On 1 January 1916, the 10th Brigade, CFA, CEF was authorized for service. On 26 February 1916, the brigade embarked for Great Britain. On 14 July 1916, the 10th Brigade, CFA, disembarked in France where it fired its guns as part of the 3rd Canadian Divisional Artillery in France and Flanders until the end of the war on 11 November 1918. On 23 October 1920, the 10th Brigade, CFA was disbanded.

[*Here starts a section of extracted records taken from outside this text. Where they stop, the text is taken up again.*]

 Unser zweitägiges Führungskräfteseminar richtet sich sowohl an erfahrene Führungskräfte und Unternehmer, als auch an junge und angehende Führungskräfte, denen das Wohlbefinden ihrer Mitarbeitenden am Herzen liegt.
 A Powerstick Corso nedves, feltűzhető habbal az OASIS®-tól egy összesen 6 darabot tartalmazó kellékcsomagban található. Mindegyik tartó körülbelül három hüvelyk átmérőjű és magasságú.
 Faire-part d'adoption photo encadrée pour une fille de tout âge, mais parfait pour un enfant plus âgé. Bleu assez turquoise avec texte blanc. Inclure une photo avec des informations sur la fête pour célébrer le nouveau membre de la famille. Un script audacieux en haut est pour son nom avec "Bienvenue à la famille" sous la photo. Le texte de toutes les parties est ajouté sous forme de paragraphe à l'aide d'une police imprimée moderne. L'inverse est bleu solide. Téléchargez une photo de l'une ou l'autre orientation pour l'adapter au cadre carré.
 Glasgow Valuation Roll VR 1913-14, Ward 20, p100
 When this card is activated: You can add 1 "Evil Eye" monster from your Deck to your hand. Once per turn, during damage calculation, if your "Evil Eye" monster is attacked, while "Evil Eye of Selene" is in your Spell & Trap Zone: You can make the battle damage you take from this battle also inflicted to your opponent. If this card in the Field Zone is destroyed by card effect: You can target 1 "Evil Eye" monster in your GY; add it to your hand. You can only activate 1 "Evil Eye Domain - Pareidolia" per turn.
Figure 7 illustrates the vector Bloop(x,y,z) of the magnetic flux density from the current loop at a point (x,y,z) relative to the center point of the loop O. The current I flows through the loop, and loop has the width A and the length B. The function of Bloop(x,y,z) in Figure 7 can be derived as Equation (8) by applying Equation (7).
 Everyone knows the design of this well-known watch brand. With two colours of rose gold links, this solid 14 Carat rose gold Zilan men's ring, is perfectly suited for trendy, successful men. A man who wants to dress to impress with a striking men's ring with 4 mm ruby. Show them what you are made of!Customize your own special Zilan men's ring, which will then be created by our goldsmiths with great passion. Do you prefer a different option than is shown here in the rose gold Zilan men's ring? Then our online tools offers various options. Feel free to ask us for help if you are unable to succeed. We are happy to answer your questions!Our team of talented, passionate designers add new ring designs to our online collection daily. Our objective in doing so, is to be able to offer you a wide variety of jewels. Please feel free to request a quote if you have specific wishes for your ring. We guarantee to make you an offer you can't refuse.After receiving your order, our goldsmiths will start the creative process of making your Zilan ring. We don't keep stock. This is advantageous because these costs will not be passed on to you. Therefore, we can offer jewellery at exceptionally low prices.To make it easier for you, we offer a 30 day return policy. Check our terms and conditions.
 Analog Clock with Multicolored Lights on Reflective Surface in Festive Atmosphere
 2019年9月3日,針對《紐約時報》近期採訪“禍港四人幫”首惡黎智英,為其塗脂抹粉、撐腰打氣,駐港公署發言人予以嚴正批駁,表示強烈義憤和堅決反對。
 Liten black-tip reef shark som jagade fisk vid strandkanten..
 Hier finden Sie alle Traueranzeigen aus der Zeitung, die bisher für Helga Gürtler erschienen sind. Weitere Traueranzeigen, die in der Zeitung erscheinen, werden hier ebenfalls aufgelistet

On 15 July 1916, the 217th Battalion, CEF was authorized for service. On 2 June 1917, the battalion embarked for Great Britain. After arrival in the UK, on 9 June 1917, the battalion's personnel were absorbed by the 19th Reserve Battalion, CEF to provide reinforcements for the Canadian Corps in the field. On 1 September 1917, the 217th Battalion was disbanded.

On 15 July 1916, the 67th Depot Battery, CFA, CEF, was authorized for service. The battery served as a depot unit in Canada until 2 October 1918, when its personnel were absorbed by the No. 2 Artillery Depot, CEF. On 23 October 1920, the 67th Depot Battery, CFA was disbanded.

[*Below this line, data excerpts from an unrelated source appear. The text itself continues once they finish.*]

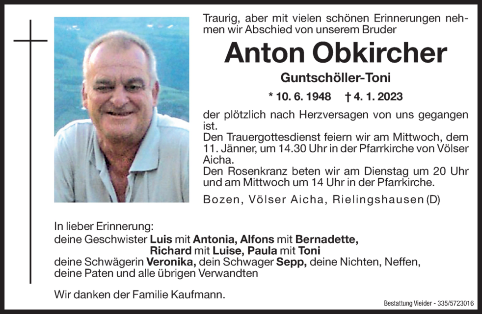 Den Trauergottesdienst feiern wir am Mittwoch, dem 11. Jänner, um 14.30 Uhr in der Pfarrkirche von Völser Aicha.
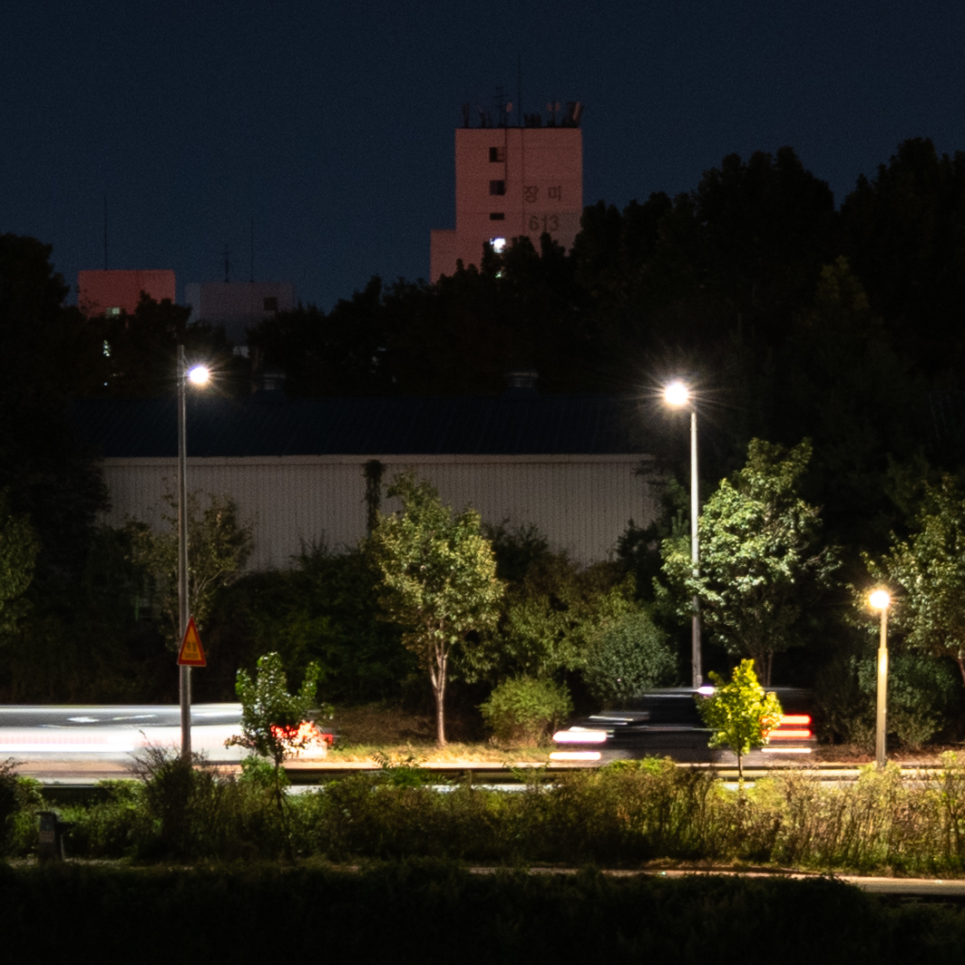 보케 표현 역시 기대 이상입니다. 9매의 원형 조리개를 탑재해 최대 개방뿐 아니라 F8-11 구간까지도 원형 보케를 유지합니다. 주변부 보케가 찌그러져 보이긴 하지만 모양이나 색표현 자체는 준수하기에 야간 촬영에서도 충분히 활용할 수 있겠습니다.
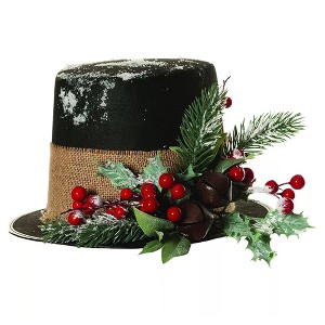 - FUN DESIGN: Top hat with burlap fabric band and attached decorative bells and holly. Made of 100% Polyester.
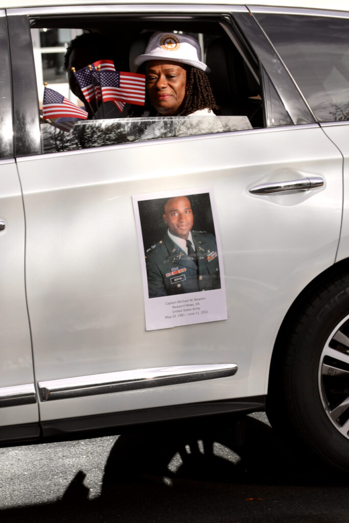Barbara Newton rides during the 2024 Tidewater Veterans Day Parade on Monday, Nov. 11, 2024, at the Virginia Beach Oceanfront in honor of her son, U.S. Army Capt. Michael W. Newton, who is shown in the photograph on the side of the car. Michael Newton, a Newport News native and graduate of the Virginia Military Institute, died in 2011 while serving in Afghanistan. He was 30. Barbara Newton rode during the parade with other members of the Hampton Roads Chapter of American Gold Star Mothers. “I’m honoring my son and all the other sons here,” Barbara Newton said after participating in the parade. “This is Veterans Day.” [John-Henry Doucette/The Princess Anne Independent News]

Through the 217th Battalion, the Assiniboia Regiment was awarded two battle honours:

- Amiens
- Arras, 1918

Until its conversion into artillery in 1936 the Assiniboia Regiment perpetuated the 217th Battalion, CEF.

=== Second World War ===
On 24 May 1941, the 67th (Rosetown) Field Battery mobilized the 67th (Rosetown) Light Anti-Aircraft Battery, RCA, CASF, for service. The battery provided light anti-aircraft artillery support as part of the 7th Light Anti-Aircraft Regiment, RCA, CASF, while based in Great Britain. On 1 March 1944, the 67th (Rosetown) Light Anti-Aircraft Battery, RCA, was disbanded.

Today the 10th Field Artillery Regiment RCA includes the 18th Field Battery, RCA (Regina, Saskatchewan) and the 64th Field Battery, RCA (Yorkton, Saskatchewan).

== Lineage ==

=== 10th Field Artillery Regiment, RCA ===

- Originated on 2 February 1920, in Regina, Saskatchewan, as the 10th Brigade, CFA.
- Redesignated on 1 July 1925, as the 10th Field Brigade, CA.
- Redesignated on 3 June 1935, as the 10th Field Brigade, RCA.
- Redesignated on 7 November 1940, as the 10th (Reserve) Field Brigade, RCA.
- Redesignated on 15 March 1943, as the 10th (Reserve) Field Regiment, RCA.
- Redesignated on 1 April 1946, as the 10th Medium Regiment, RCA.
- Amalgamated on 2 August 1954, with the 22nd Field Regiment, RCA, the 44th Light Anti-Aircraft Battery, RCA (redesignated 44th Medium Battery, RCA), and the 67th Light Anti-Aircraft Battery, RCA, retaining the same designation.
- Redesignated on 12 April 1960, as the 10th Medium Artillery Regiment, RCA.
- The 44th Medium Battery, RCA ceased its amalgamation with the regiment on 30 October 1961.
- Redesignated on 1 May 1962, as the 10th Field Artillery Regiment, RCA.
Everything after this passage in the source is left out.